However, there is a lack of discussion on how to effectively handle both spatial and temporal dimensions in this research (Mahmood, Punni, and Aref Citation2019). Several multi-dimensional index structures have been proposed, such as 3DR-tree (Jun, Hong, and Yu Citation2003), TB-tree (Pfoser et al. Citation2000), STR-tree (Li and Tang Citation2011), PH-tree (Zäschke, Zimmerli, and Norrie Citation2014), SICC (S. Wang, Maier, and Ooi Citation2016). These indexes offer the advantage of adapting their structure to the distribution of the data. Nevertheless, many of these methods suffer from large redundancy in space and overlook the efficiency of index construction (L. Wang and Xu Citation2010).

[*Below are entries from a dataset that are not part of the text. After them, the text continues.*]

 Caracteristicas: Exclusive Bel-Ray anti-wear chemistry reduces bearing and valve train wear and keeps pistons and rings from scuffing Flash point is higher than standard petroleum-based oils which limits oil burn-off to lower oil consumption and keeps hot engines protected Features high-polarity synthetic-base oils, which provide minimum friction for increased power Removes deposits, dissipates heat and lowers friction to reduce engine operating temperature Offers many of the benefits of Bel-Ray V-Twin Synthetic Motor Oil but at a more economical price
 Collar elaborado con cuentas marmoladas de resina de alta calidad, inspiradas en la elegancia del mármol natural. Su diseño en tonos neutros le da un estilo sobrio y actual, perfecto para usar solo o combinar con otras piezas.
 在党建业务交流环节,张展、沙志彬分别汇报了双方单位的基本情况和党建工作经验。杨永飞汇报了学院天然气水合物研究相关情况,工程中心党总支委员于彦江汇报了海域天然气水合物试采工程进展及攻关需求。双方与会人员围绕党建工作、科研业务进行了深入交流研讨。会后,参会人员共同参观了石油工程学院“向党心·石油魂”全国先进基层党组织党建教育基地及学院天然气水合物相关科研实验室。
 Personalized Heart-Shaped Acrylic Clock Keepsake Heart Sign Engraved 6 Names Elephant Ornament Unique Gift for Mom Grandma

3. Multi-dimensional spatial index based on CBB

3.1. General concept of clipped bounding boxes

The concept of Clipped Bounding Boxes (CBB) was proposed by Sidlauskas (Sidlauskas et al. Citation2018) as a solution to the issue of ‘dead space’ in MBB. As illustrated in , dead space refers to the regions within MBBs that do not contain any practical objects. CBB employs a core idea similar to the ‘skyline’ algorithm, where a set of auxiliary points are stored in each leaf node of the index structure to record redundant spaces. This approach is characterized by its compact storage structure and ease of implementation. Furthermore, CBB exhibits outstanding performance in calculating intersection testing, which significantly reduces I/O operations and saves query time. Notably, this method is highly versatile as it does not require any modifications to the construction and structure of the spatial index, other than the addition of an extra set of data. Consequently, CBB can be extensively applied to various MBB-based spatial indexes, particularly in R-tree and its variant trees.

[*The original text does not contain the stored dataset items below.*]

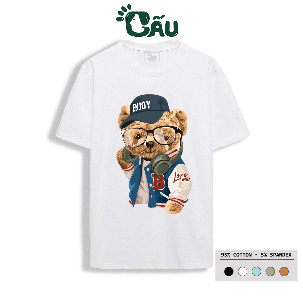 Giới thiệu Áo thun nam GẤU 194 Gấu Teddy ENJOY Ngầu cổ tròn tay ngắn vải coton co dãn, dày dặn, form regular fit - Gấu Cực Ngầu
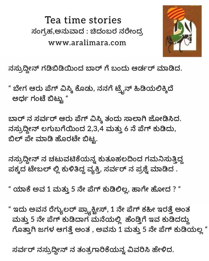 ನಸ್ರುದ್ದೀನನ ತಂತ್ರಗಾರಿಕೆ : tea time stories ಫೆಬ್ರವರಿ 9, 2021 By ಅರಳಿ ಮರ Share this:Tweet Click to email a link to a friend (Opens in new window) Email Click to share on Telegram (Opens in new window) Telegram Click to share on WhatsApp (Opens in new window) WhatsApp ಇನ್ನಷ್ಟು Click to print (Opens in new window) Print Click to share on Reddit (Opens in new window) Reddit Share on TumblrLike ಲೋಡ್ ಆಗುತ್ತಿದೆ... Related About ಅರಳಿ ಮರ ಆಧ್ಯಾತ್ಮ, ವ್ಯಕ್ತಿತ್ವ ವಿಕಸನ ಮತ್ತು ಜೀವನ ಶೈಲಿ
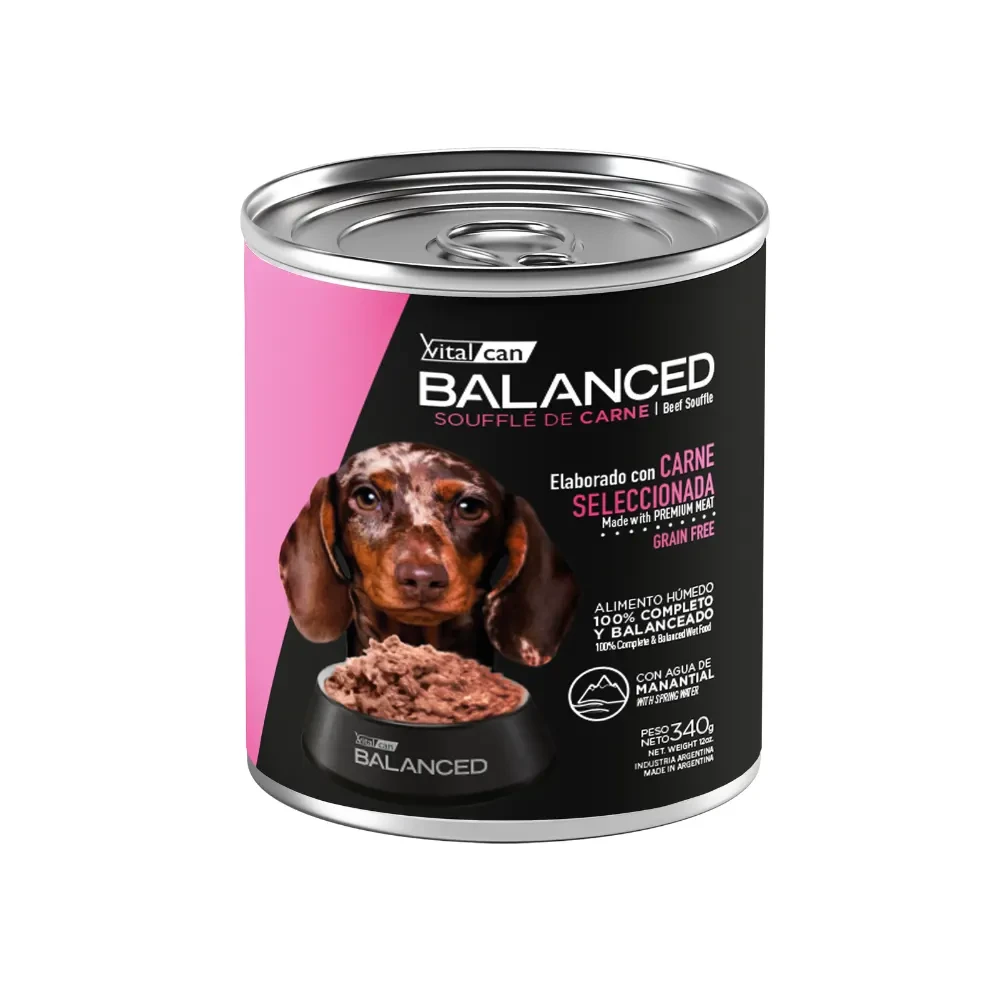 BALANCED SOUFFLE PERRO CACHORRO CARNE. La textura aireada, suave, delicada se conjuga con el sabor de diferentes propuestas de carnes de gran calidad para que el momento de comer sea más placentero. ¡Es hora de disfrutar el momento de la comida junto a ellos! CARNE VACUNA VITAMINA E CON DHA
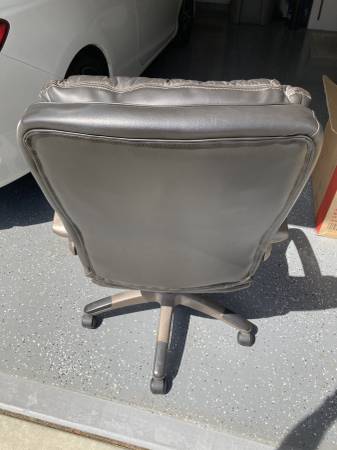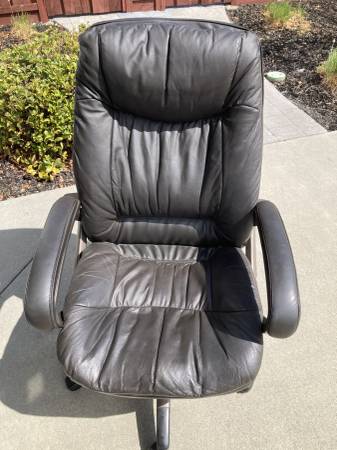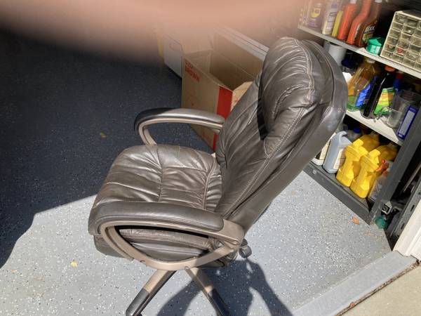 Executive Desk Chair Color Brown Material Vinyl. No rips or tears. Adjustable height . Like new condition Call Barry or
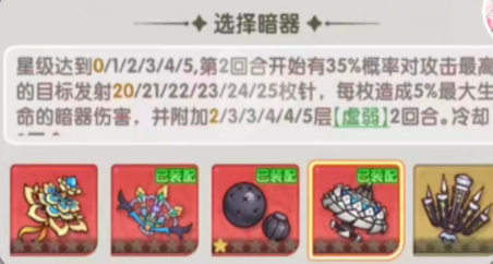 子母追魂也是很不错的一个暗器,它的爆杀能力很强,能够快速的锁定目标,从而实施最强的攻击。它不仅有着良好的追踪功能,还能在一定程度上给敌人造成麻醉作用。这种麻醉效果能够持续多个回合,能够为阵容带来一定的帮助。如果你是新手想要在战斗中实现突破,子母追魂是一个不错的选择。想要进一步放大武器效果,提升星等级是不错的策略之一。

Figure 1. Clipped bounding boxes in spatial index.

3.1.1. Vertexes and direction of MBB

In the context of MBBs, it is easy to observe that the redundant space is primarily concentrated near each vertex of the bounding box. This region is relatively straightforward to compute and optimize. Therefore, the focus of the optimization method should be on trimming the redundant space near each vertex. During the computation process, it is necessary to separately identify the clipped space for each vertex. In order to distinguish the vertices, the subscript $d$ of $n$ dimensions is utilized to denote the direction of each vertex in the bounding box.

(1)

d = d_{1} d_{2} d_{3} \dots d_{n}, d_{i} \in \{0, 1\}

(1)

The subscript of $d$ denote each dimension, and the 3D spatial index is represented by $d_{1} d_{2} d_{3}$ . The values 0 and 1 are used to denote the positive and negative directions of a dimension, respectively.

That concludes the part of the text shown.